Cut to the Heart

by Richard Mansel, assistant editor
heavyheart.jpgWe guard our hearts with a ferocious spirit. People see what we allow them to see because we are not sure that people will like the person we really are. In our unguarded moments, we have lowered our defenses and become vulnerable. We reserve these moments for only the safest situations.
The gospel call seeks to dismantle this fortress. God wants us to open ourselves to him completely. He will always treat us with tenderness and love, so we can do so fearlessly.
How will the gospel elude our defenses?
We all have different maneuvers to avoid admitting error. Rationalization is one of the most active forces in human nature. We will believe anything we can think of, in order to persevere in our sin.
Somehow, we must find a way to eradicate this weakness or it will destroy us. Being honest with ourselves is one of the bravest acts a human can perform.
Each of us are moved by different things, from emotions to bravery and everything in between. We have triggers that reach into our hearts and spur us to action.
We have examples of people being “cut to the heart” by the Word of God. They had different reactions.
King David took Bathsheba to his bed and arranged the death of her husband, Uriah. When God sent Nathan to deliver a message to David, the King is told a story about a man whose only lamb was taken from him. David becomes indignant and demands retribution, only to find that “You are the man!” (2 Samuel 12:7, NKJV). David says, “I have sinned against the Lord” (2 Samuel 12:13). He and his family suffered the consequences, but he admitted his error before God.
Stephen, the brave man of God, preaches to a hostile Jewish crowd and leads them through the Old Testament to show that they were guilty of the murder of Christ, the Messiah.
“When they heard these things they were cut to the heart, and they gnashed at him with their teeth” (Acts 7:54). “Their smoldering anger exploded into rage.”/1 They raised stones and killed Stephen for airing their sins.
When the first gospel sermon was preached, the people of Jerusalem heard Peter and the Apostles present the truth of their sins. “Therefore let all the house of Israel know assuredly that God has made this Jesus, whom you crucified, both Lord and Christ” (Acts 2:36).
Three thousand admitted their sins and were immersed into Christ (Acts 2:38-41).
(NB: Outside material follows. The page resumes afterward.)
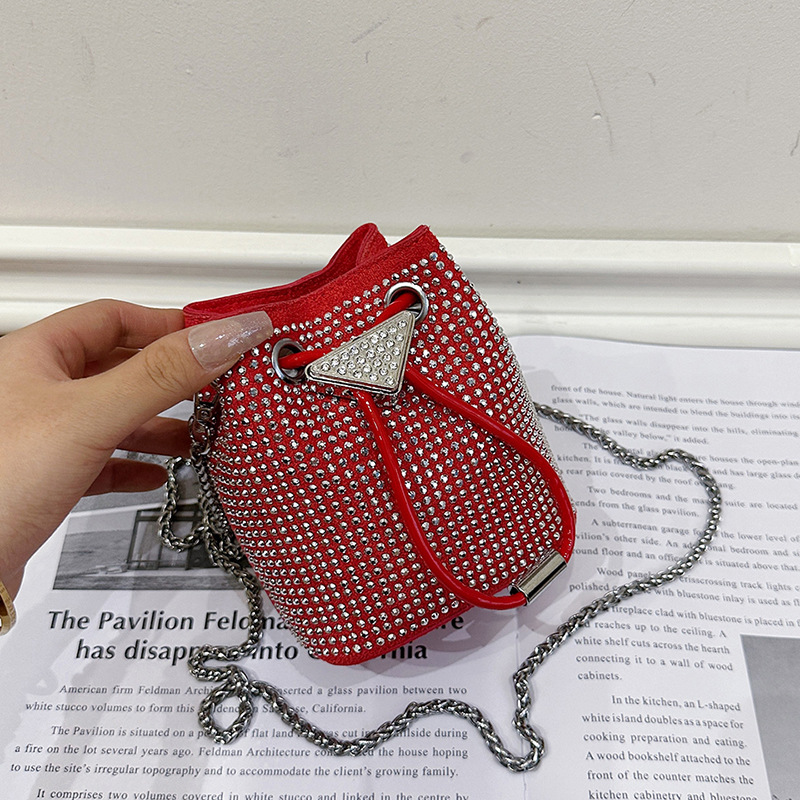 New children's bag mini full diamond drawstring bucket bag western style chain girls parent-child lipstick messenger bag wholesale

They repented when they heard ostensibly the same message that Stephen preached before he was killed.
We all have sinned and sometimes we fall away completely (Romans 3:23; Romans 6:23; James 1:14-15; Hebrews 6:4-6).
Our sins will continue to exist and remain rationalized until we honestly allow God’s Word to penetrate our souls. We must be “cut to the heart” if we will find true spiritual healing. Sin is killing us and the blood of Christ is the cure (Romans 5:6-9).
How do we accomplish this goal?
First, we must value our souls above our own way and feelings. Second, we must be painfully honest with ourselves about our sins. Third, once we do so, we must be courageous enough to rid ourselves of them (Acts 22:16; Luke 13:3-5). Fourth, we must fear God more than men. Finally, we must prepare for heaven and yearn to be there with every fiber of our being.
We must remain tenderhearted to our sins and continue to reside in the grace and mercy of our Lord. It is a glorious abode!
1/ I do not remember the source of the quote.

3 Replies to “Cut to the Heart”

  1. Richard, I read your article again today, this time not as an editor, but for my personal benefit. Unfortunately, the editor’s eyes are what often see the material without the needy inner eyes taking it to heart and applying it personally. So as I read again this morning, I found your introduction to be one of the best things I’ve read in a while. The points on how to accomplish the goal felt abbreviated; the paragraph left me wanting more. I guess that’s a good sign. Thanks again.